■ What you will do ■
Extract precisely the lines that run from the line containing "Copricerchi con sistema" to the end of the records below, with both ends included and pictures omitted.

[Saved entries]
════════════════════
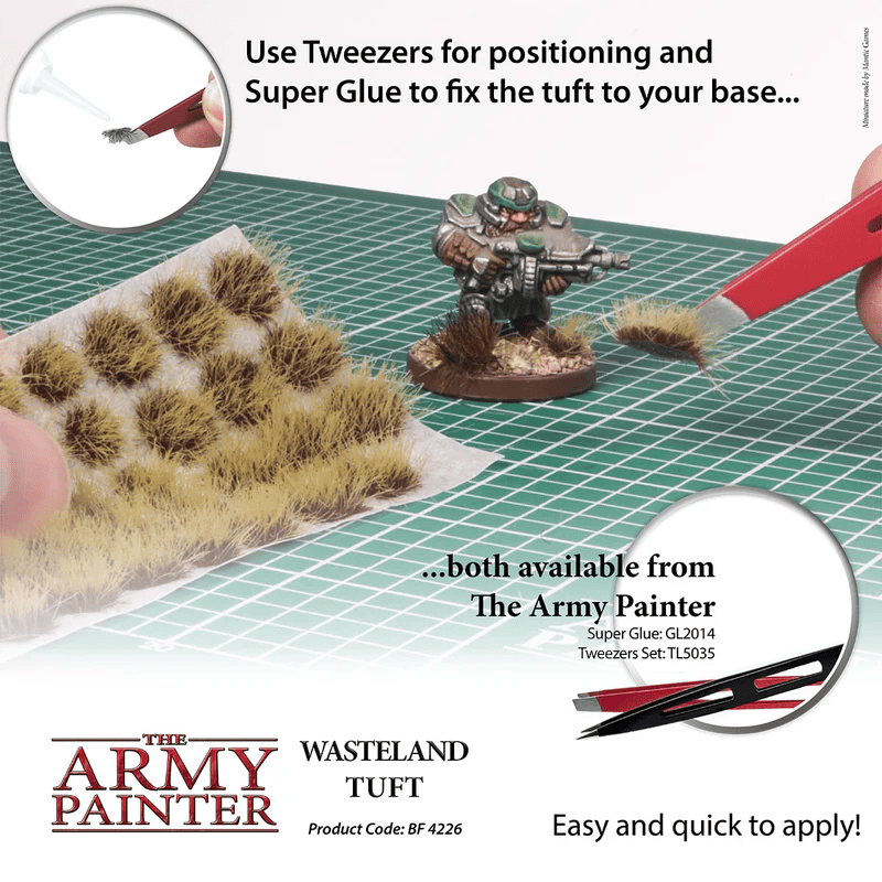 The Wasteland Tufts evoke the ominous aura of a rugged environment, perfect for creating an "evil" setting for your army. Utilize these model basing materials to craft miniature scenery bases that capture the essence of desolation. The tufts, boasting a super realistic appearance and available in three sizes to suit any base size, are incredibly easy to apply. Enhance both your battlefields and individual miniatures with these versatile tufts, attaching them effortlessly with the assistance of our Tweezer Set and Super Glue.
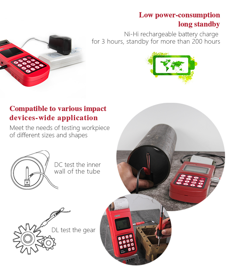 Instrument Featuresl Based on the principle of Leeb hardness testing theory. It can measure the Leeb hardness of all metallic materials.
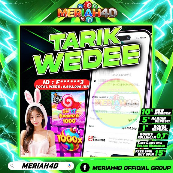 Selamat Kepada ID : F******3 Atas Withdraw Rp. 9.693.000 Juta Hari ini. Ditunggu Withdraw Selanjutnya dan ajak juga teman temannya bergabung di Meriah4d
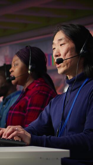 Vertical Call center admin team working together to provide live chat support, handling clients complaints. Teamworking colleagues in office dealing with unsatisfied customers, providing solutions, camera B Pro Video
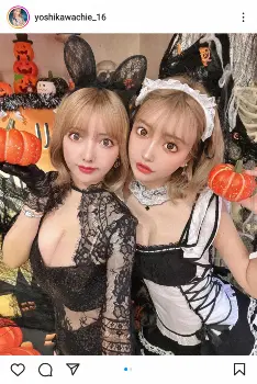 吉川ちえインスタグラム(yoshikawachie_16)から 整形双子モデル・吉川ちえ&ちか メイド&バニーガールのハロウィーンコ… ギャラリーで見る この記事のフォト 2022年10月06日の画像一覧 もっと見る 2022年10月06日の画像をもっと見る
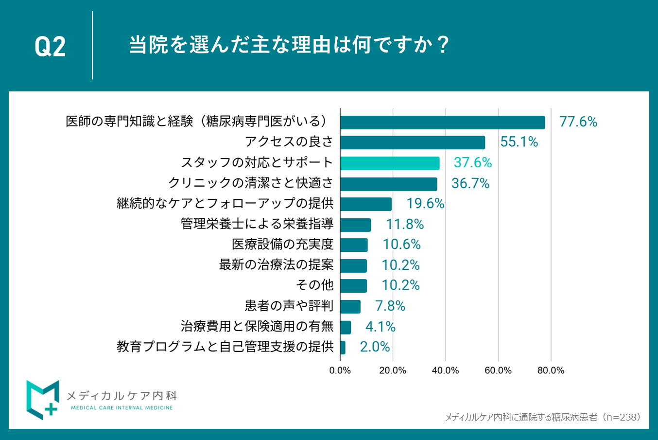 3位には「スタッフの対応とサポート」(37.6%)がランクイン。糖尿病治療では、医師だけでなく管理栄養士・看護師とのチーム医療が欠かせません。
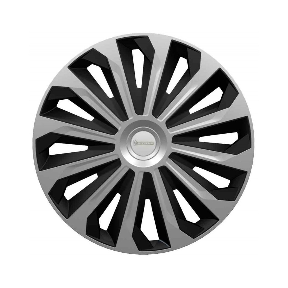 Copricerchi con sistema integrato Night Vision Security: il cerchietto centrale dove e' posizionato il logo Michelin e' in materiale riflettente ed aggiunge sicurezza ai viaggi notturni in quanto l'auto risulta percepibile nel buio anche lateralmente. Il sistema di fissaggio brevettato garantisce una tenuta sicura sulla ruota. Realizzati in ABS 100% con rivestimento metalizzato ad elevata brillantezza e bulloni cromati. Forniti in elegante box da 4 pezzi. Per cerchi di diametro 14''
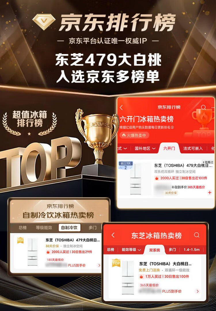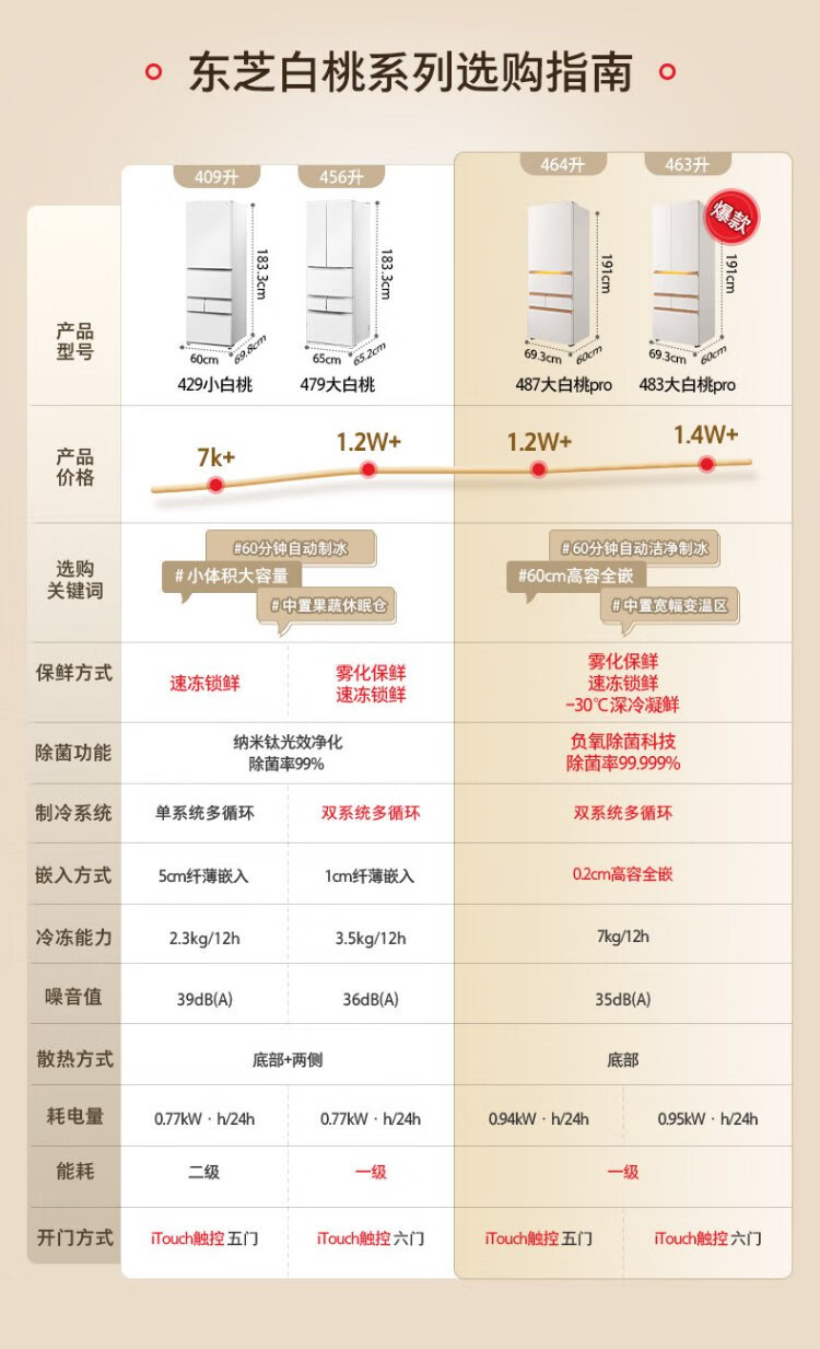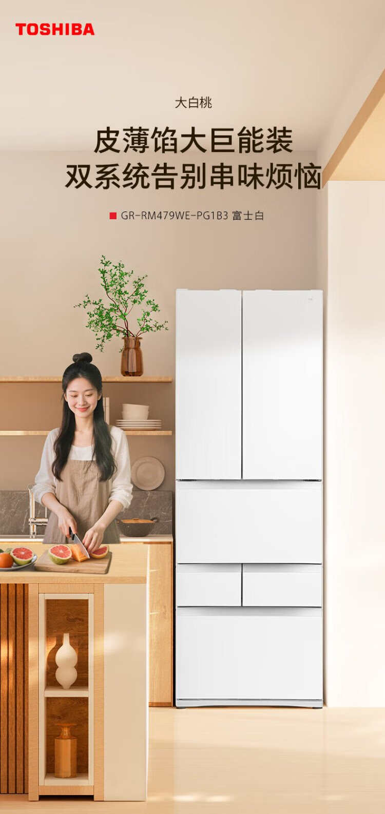 TOSHIBA Dabai Peach 479 Japanese-style multi-door dual-system circulation first-level energy-efficiency frequency conversion ultra-thin embedded automatic ice making and sterilization air-cooled and frost-free state-subsidized household refrigerator GR-RM479WE-PG1B3 Fuji White
════════════════════
■ Answer area ■
 Copricerchi con sistema integrato Night Vision Security: il cerchietto centrale dove e' posizionato il logo Michelin e' in materiale riflettente ed aggiunge sicurezza ai viaggi notturni in quanto l'auto risulta percepibile nel buio anche lateralmente. Il sistema di fissaggio brevettato garantisce una tenuta sicura sulla ruota. Realizzati in ABS 100% con rivestimento metalizzato ad elevata brillantezza e bulloni cromati. Forniti in elegante box da 4 pezzi. Per cerchi di diametro 14''
 TOSHIBA Dabai Peach 479 Japanese-style multi-door dual-system circulation first-level energy-efficiency frequency conversion ultra-thin embedded automatic ice making and sterilization air-cooled and frost-free state-subsidized household refrigerator GR-RM479WE-PG1B3 Fuji White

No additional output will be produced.